SOURCE INFORMATION:
####################
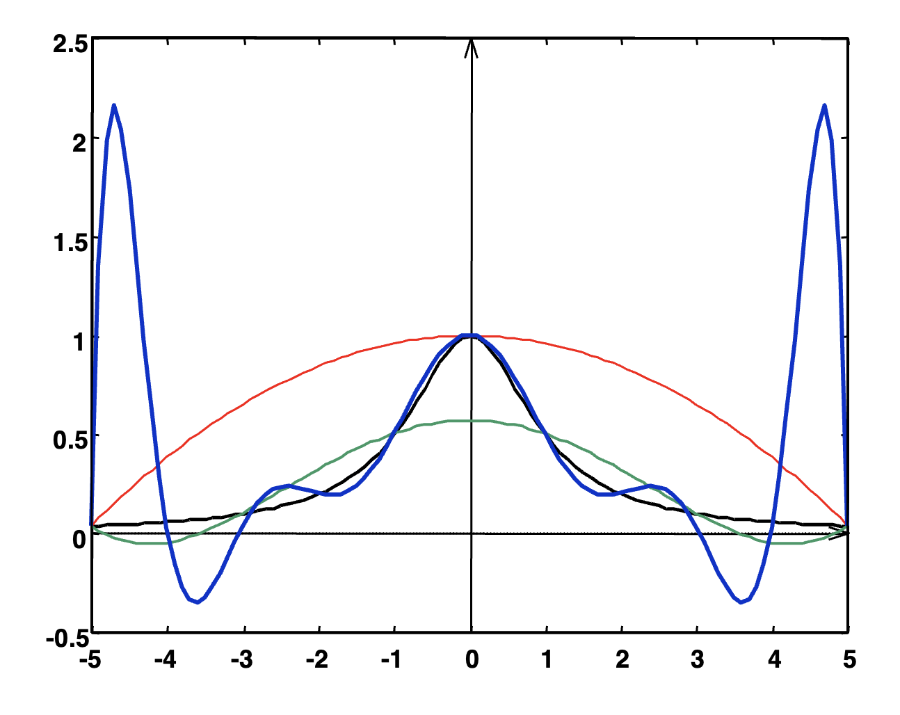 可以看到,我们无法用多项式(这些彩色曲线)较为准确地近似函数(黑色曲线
####################
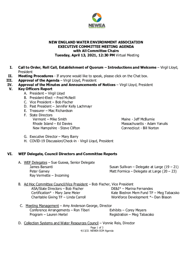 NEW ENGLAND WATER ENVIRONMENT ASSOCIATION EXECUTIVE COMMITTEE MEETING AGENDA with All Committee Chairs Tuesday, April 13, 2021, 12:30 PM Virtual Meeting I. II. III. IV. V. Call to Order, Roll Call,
####################
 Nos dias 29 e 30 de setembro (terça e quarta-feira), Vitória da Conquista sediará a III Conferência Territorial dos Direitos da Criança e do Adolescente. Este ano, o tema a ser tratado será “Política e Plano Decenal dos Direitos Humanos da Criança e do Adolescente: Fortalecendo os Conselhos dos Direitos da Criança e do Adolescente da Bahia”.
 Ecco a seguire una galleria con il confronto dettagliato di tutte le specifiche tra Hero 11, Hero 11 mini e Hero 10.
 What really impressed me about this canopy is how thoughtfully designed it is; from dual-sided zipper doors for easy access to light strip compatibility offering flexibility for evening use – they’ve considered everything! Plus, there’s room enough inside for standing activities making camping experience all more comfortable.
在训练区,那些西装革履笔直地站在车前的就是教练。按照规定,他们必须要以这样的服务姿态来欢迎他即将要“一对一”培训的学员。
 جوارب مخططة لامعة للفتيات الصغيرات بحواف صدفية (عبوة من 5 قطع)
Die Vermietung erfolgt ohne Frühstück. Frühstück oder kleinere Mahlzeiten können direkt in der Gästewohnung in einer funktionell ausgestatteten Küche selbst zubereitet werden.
####################
ASSIGNMENT:
Your answer must consist solely of the lines above between the line holding "جوارب مخططة لامعة" and the line holding "Die Vermietung erfolgt", inclusive, copied exactly.

THE ANSWER:
 جوارب مخططة لامعة للفتيات الصغيرات بحواف صدفية (عبوة من 5 قطع)
Die Vermietung erfolgt ohne Frühstück. Frühstück oder kleinere Mahlzeiten können direkt in der Gästewohnung in einer funktionell ausgestatteten Küche selbst zubereitet werden.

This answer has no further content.